From a teacher's perspective, the practical implication is this: persistent misconceptions that appear across multiple problem types are the cases where individual practice time is not well spent without direct instructional intervention first. Knowing which students have a persistent error pattern — before you assign another homework set — prevents the scenario where a student completes 20 practice problems while reinforcing the wrong conceptual model with each one.
4. Which Gaps Are Blocking the Next Unit
Not all conceptual gaps are equally urgent. Some gaps are gaps in extension content — missing nuance on a concept that isn't load-bearing for what comes next. Others are gaps in prerequisite content — missing understanding that the next unit's core concepts depend on directly. The fourth signal a teacher needs is the prerequisite blocking map: which of the current misconceptions, if unaddressed, will directly impair understanding in the upcoming unit.
This requires a content dependency model — a structured map of which concepts in the curriculum are prerequisite to which others. When a student carries a misconception that's a direct prerequisite to an upcoming unit, the urgency of addressing it before moving on is qualitatively different from addressing a gap in a non-prerequisite concept. Teachers intuitively know this; they lack the systematic data view to act on it consistently across a full class section.
A concrete example: a Grade 5 student with an unstable understanding of equivalent fractions will hit structural difficulty as soon as the class moves to adding fractions with unlike denominators. That connection is deterministic — equivalent fractions understanding is a hard prerequisite. If a teacher can see, heading into the transition between units, exactly which students carry the specific prerequisite gap, they can plan a targeted bridging activity rather than discovering the blocker mid-unit when there's less time to address it.
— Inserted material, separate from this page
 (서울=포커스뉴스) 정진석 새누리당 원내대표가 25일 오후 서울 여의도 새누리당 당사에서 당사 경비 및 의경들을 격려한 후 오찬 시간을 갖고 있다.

5. The Cross-Section Pattern
The fifth signal is one that individual classroom teachers rarely have access to, but that department leads and curriculum coordinators need: whether a misconception or gap pattern is appearing consistently across multiple sections of the same grade level and subject. This cross-section signal is what distinguishes a student problem from a curriculum problem.
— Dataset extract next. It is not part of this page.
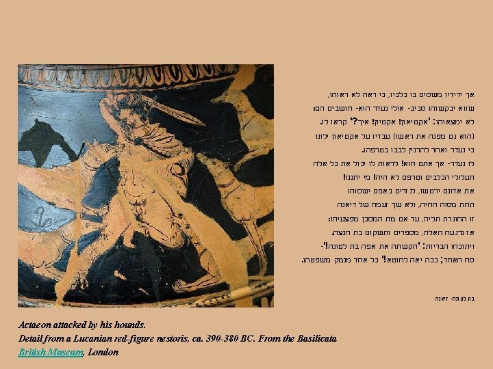 Diodorus Siculus, Library of History 4. 81. 3 - 5 (trans. Oldfather) (Greek historian C 1 st B. C. ) : "Aktaion, who, as the myths relate, was torn to pieces by his own dogs. The reason for this bad turn of fortune of his, as some explain it, was that, presuming upon his dedication to Artemis of the first-fruits of his hunting, he purposed to consummate the marriage with Artemis at the temple of the goddess, but according to others, it was because he represented himself as superior to Artemis in skill as a hunter. But it is not incredible that it was for both these reasons that the goddess became angry; for whether Aktaion made an improper use of the spoils of his hunting to satisfy his own desire upon her who has no part in marriage, or whether he was so bold as to assert that as a hunter he was to be preferred above her before whom even gods withdraw from rivalry in the chase, all would agree that the goddess was justified in having become indignant at him. And, speaking generally, we may well believe that, when he had been changed into the form of one of the animals which he was wont to hunt, he was slain by the gods which were accustomed to prey upon the other wild beasts. " Actaeon devoured by his dogs. Attic white-figure lekythos, ca. 480– 470 B. C. , National Archaeological Museum of Athens

If one section of 6th-grade math shows a cluster of students with the impetus-theory misconception, it might reflect the instruction in that classroom. If three sections of 6th-grade science all show the same misconception clustering at the same point in the force and motion unit, the more likely explanation is that the curriculum sequence isn't addressing the misconception before students have the opportunity to form it. The intervention required in the second case is a curriculum revision, not a re-teaching event in individual classrooms.
This is the signal that most tools provide last, if at all — it appears in year-end summative analysis, long after the current cohort has moved on. Making it available during the school year, aggregated across sections, is what enables the kind of mid-year curriculum adjustment that department heads know they should be doing but currently can't because the data isn't organized to support it.
What these five signals share is a common structure: they're specific enough to drive a decision, timed within the window when action is still possible, and organized at the level of conceptual understanding rather than performance score. Most current tools provide approximations of some of these signals, delivered too late and at the wrong level of abstraction. The gap between what's available and what's actually decision-relevant is the gap we're trying to close.